Martin Hepp and Jamie Taylor answer questions about the GoodRelations vocabulary in a podcast conversation, exploring opportunities to enrich the way in which we compare goods and services.
Written by Paul Miller, Contributor

Millions of us rely upon online information to inform purchasing decisions, but the ad hoc fashion in which free-text descriptions of products and services are interpreted and offered up by mainstream search engines makes this a far less accurate process than we might wish. Working quietly behind the scenes the GoodRelations vocabulary is setting out to do something about this, and with adopters such as Best Buy already onboard they're off to a great start.

Last week, I spoke with Martin Hepp of Germany's Universität der Bundeswehr München and Jamie Taylor of San Francisco startup Metaweb (best known to readers of this blog as the home of Freebase) to learn more. The result has just been released as a podcast.

Within specific organisations and supply chains, of course, Master Data Management is already well understood. Processes and procedures are in place to ensure that products are accurately and unambiguously described, and I touched on some of the semantic technology applications in this 2009 piece for Semantic Universe.

The picture becomes somewhat less clear as data moves out of the enterprise and onto the web.
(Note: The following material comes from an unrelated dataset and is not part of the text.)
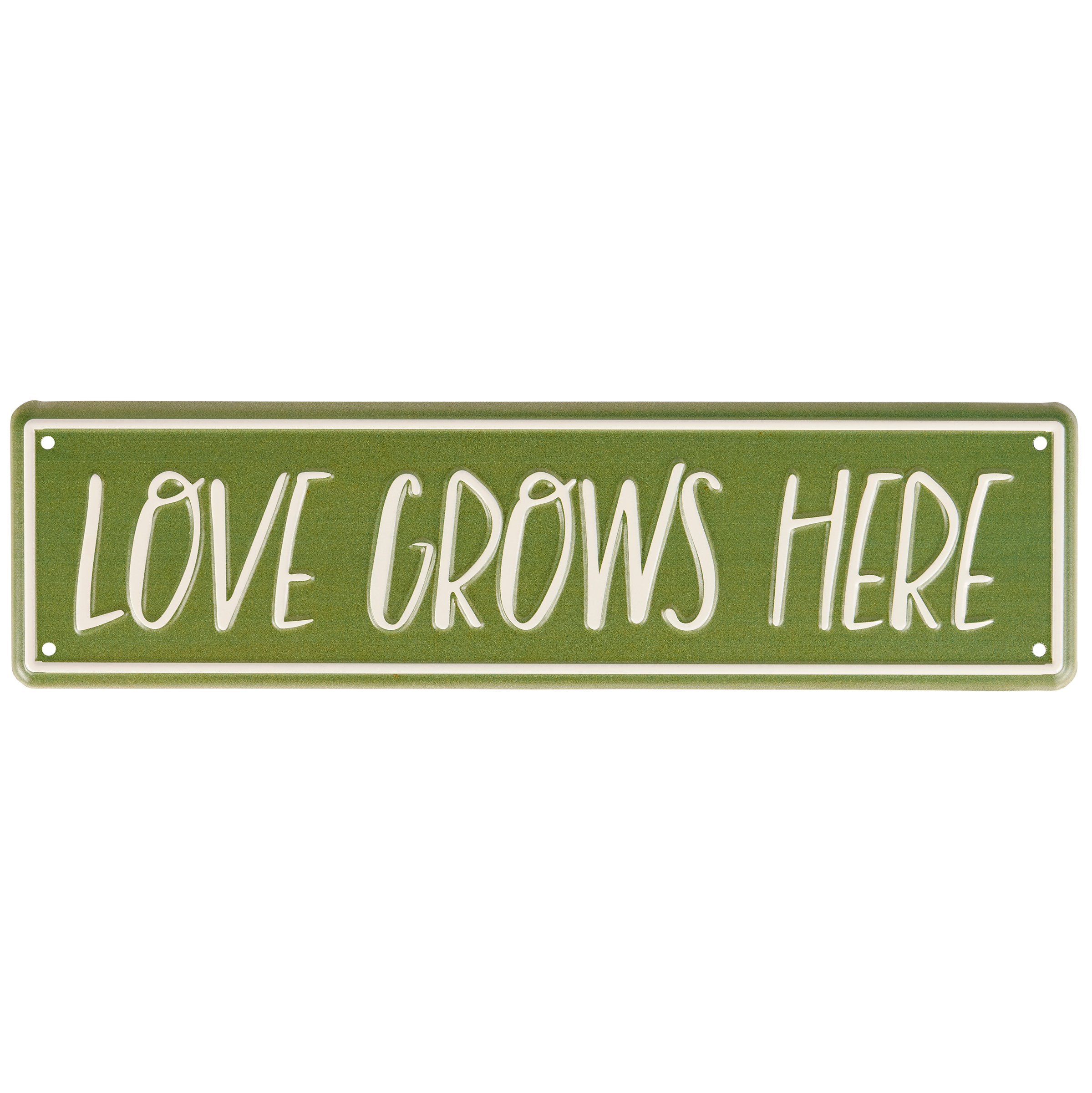 A metal wall décor piece from our Plant Parent Collection displaying an inspirational plant-themed sentiment that reads "Love Grows Here." Plant sign design features embossed details for added dimension. Our Love Grows Here metal wall décor is easy to hang against wall using the included mounting hardware and pre-drilled holes in each corner. An inspirational plant-themed home accent perfect for everyday display.

Even on the product website itself, much of that internal structure and richness is inadequately conveyed. For the consumer (or aggregator) wishing to compare and contrast MP3 players from a number of competing providers, it can frequently be difficult to accurately ensure that they really are comparing apples with apples. It is here that GoodRelations comes into its own, offering data providers a consistent way in which to describe key attributes of their business and its products.

Yahoo! already works to intelligently represent GoodRelations data in search results, and Martin Hepp asserts that Google "is doing something" with the data too. GoodRelations-encoded product descriptions, it seems, perform better in the mainstream search engines than their less structured competitors. The rich structure is also available for use in specific applications far beyond the generic search engine, and we touch on some of these possibilities during the conversation.

US-based consumer electronics retailer Best Buy already embeds GoodRelations RDFa in product pages, and reports improvements in findability and use.

Closer to home (for me, at least), UK supermarket giant Tesco has begun to experiment with embedding RDFa in pages. GoodRelations terms aren't used - yet - but it will be interesting to see how quickly that changes, and the applications that third parties might begin to build that leverage all this rich structure.

Have a listen to the podcast, and see what you think. Does GoodRelations have a place on your website?